Nationalgeographic.co.id— Suatu hari, ayah membingkiskan sebuah buku untuk saya. Sampulnya warna putih dengan potret seorang astronaut yang berjejak di Bulan. Ketika itu saya masih kanak-kanak, mungkin kelas satu sekolah dasar. Buku itu menjadi buku pertama saya tentang sains, sebuah ensiklopedia visual seputar ruang angkasa dan misi ke Bulan.
Ibu kerap membacakan halaman demi halaman setiap saya bersiap tidur malam. Bertahun-tahun kemudian, saya baru mengetahui bahwa astronaut dalam sampul buku itu bernama Buzz Aldrin, yang dipotret di Bulan pada 20 Juli 1969.
Tahun ini warga Bumi memperingati 50 tahun pencapaian manusia yang bisa berjalan-jalan di permukaan Bulan. Pada edisi ini kami menyajikan kisah feature tentang era perjalanan luar angkasa.
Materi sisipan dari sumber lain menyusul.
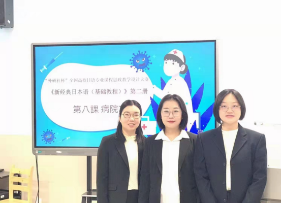 为了提升教师教学质量,将思政元素融入课堂之中,达到以赛促教的目的,教育学院商务日语专业教师王婕、王靖文、兰恋参加了首届“外研社杯”全国高校日语专业课程思政教学设计大赛并获得优秀奖的好成绩。
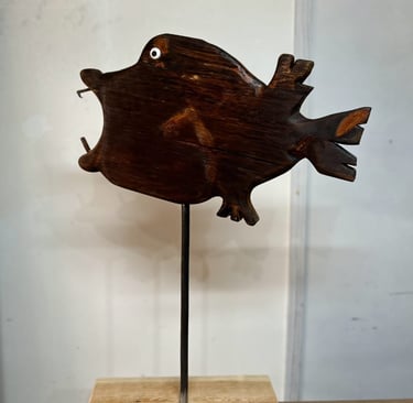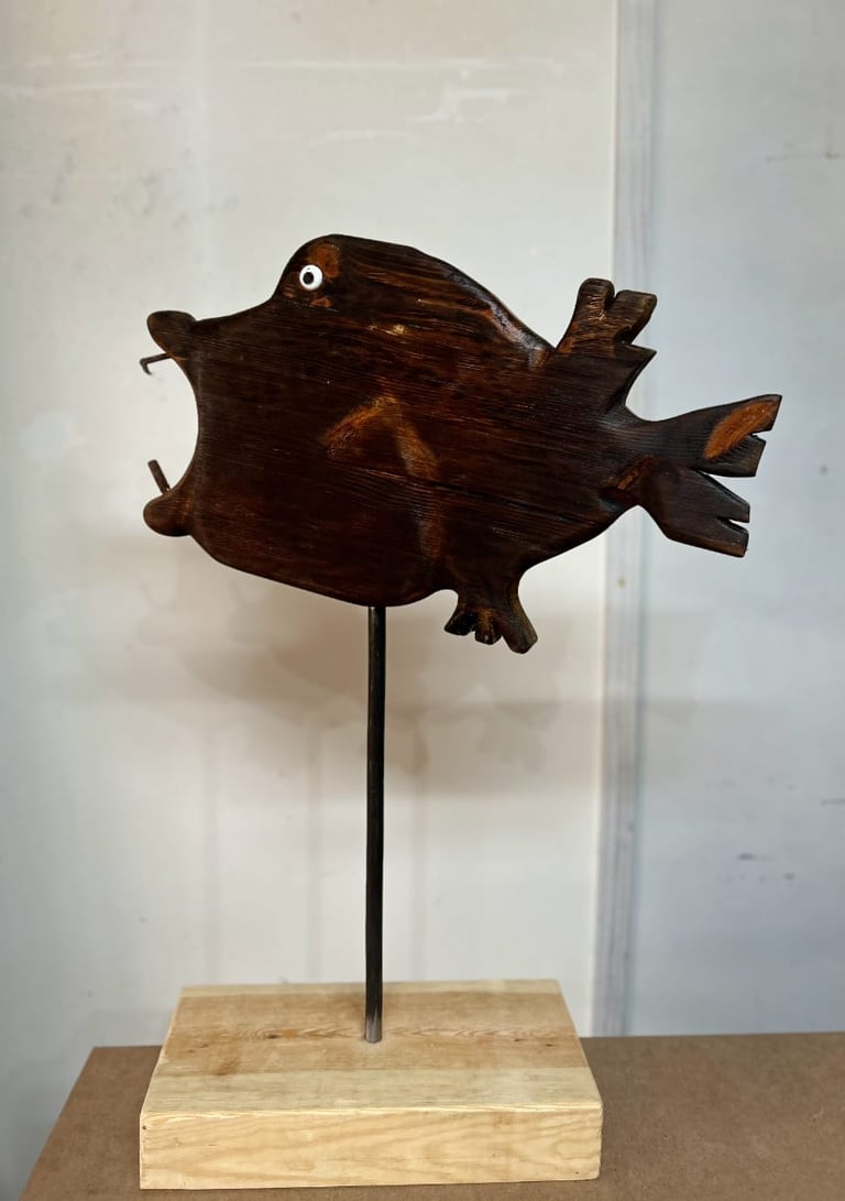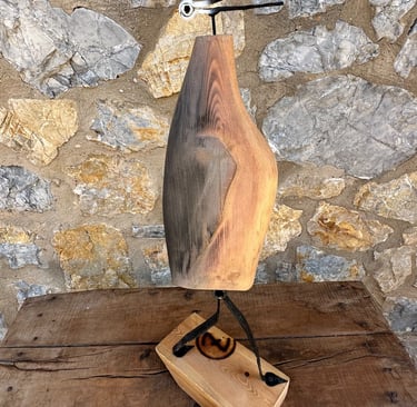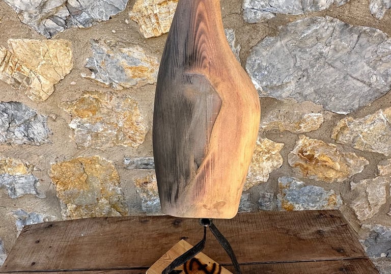 Obras nacidas del instinto y la memoria. Las emociones se esculpen en madera recuperada y hierro oxidado, creando piezas únicas que vibran con fuerza y sutileza.

Bagaimana manusia mencapai Bulan dan apa selanjutnya yang bisa kita lakukan. Jadi kapan perjalanan ke Mars bisa terwujud?
Tahun ini juga merupakan angka cantik untuk astronomi. Masih ingatkan kita dengan Johannes Kepler, seseorang yang membukakan pintu luar angkasa untuk pencapaian peradaban manusia. Kita merayakan 400 tahun penemuan Hukum Kepler Ketiga: ”Kuadrat periode suatu planet sebanding dengan pangkat tiga jarak rata-ratanya dari Matahari ”.
Baca juga: Dari Editor Juni 2019: Raffles dan Refleksi Kebinekaan di Tengger
Pada 1619, ketika Batavia dibangun di atas puing-puing Kota Jayakarta, nun jauh di Linz, Austria, Johannes Kepler (1571–1630) merilis ikhtisarnya yang ketiga tentang periode revolusi di setiap planet yang mengelilingi Matahari. Teori itu diterbitkan dalam bukunya yang bertajuk Harmonice Mundi yang bermakna Keharmonisan Dunia.
Apa yang bisa kita petik dari peringatan ini?
Pada awal abad ke-20, Profesor Max Caspar, yang dikenal sebagai ilmuwan yang paling memahami alam pikiran Johannes Kepler, merilis buku bertajuk Kepler. Ada pendapat dari sang Profesor itu yang masih menarik untuk kita renungkan.
"Intoleransi keagamaan sangat memuakkan bagi Kepler, yang yakin bahwa keharmonisan di antara planet-planet seharusnya terdapat juga di antara umat manusia."
Tahun ini pula kita merayakan ulang tahun International Astronomical Union yang ke-100. Kita pun mengenang 100 tahun pemotretan pertama gerhana Matahari total di Afrika barat. Namun, kita sendiri juga memiliki perayaan penting: 50 tahun Planetarium dan Observatorium Jakarta.
Baca juga: Dari Editor April 2019: Tantangan Menemukan Kembali Jiwa Kota
Gedung Planetarium Jakarta mengingatkan kita kepada Bung Karno, yang meresmikan dimulainya pembangunan planetarium yang terbesar di seluruh dunia dan pertama di Asia Tenggara pada 1964. Bangunan berkubah itu memulai pertunjukannya untuk umum pada 1 Maret 1969. Kita menolak lupa atas bantuan dana para pengusaha batik yang terhimpun dalam Gabungan Koperasi Batik Indonesia demi berdirinya bangunan ini. Atas alasan inilah kami menyajikan dua kisah pendek bertema astronomi dan batik Lasem.
Bung Karno memiliki harapan besar kepada Planetarium Jakarta, yang menurutnya berdarma demi mengeyahkan tahayul seputar peristiwa benda-benda angkasa. Saya pikir, pada saat itulah Bapak Bangsa kita telah meletakkan salah satu dasar pembelajaran sains kepada masyarakat Indonesia. Pembelajaran sains yang baik akan membangun pola pikir sainstifik. Lebih jauh lagi, kemajuan sains di suatu negara menunjukkan kemajuan peradaban.
Saya kembali terkenang buku bersampul putih dengan potret seorang astronaut, yang dibingkiskan ayah. Entahlah, di mana buku itu sekarang.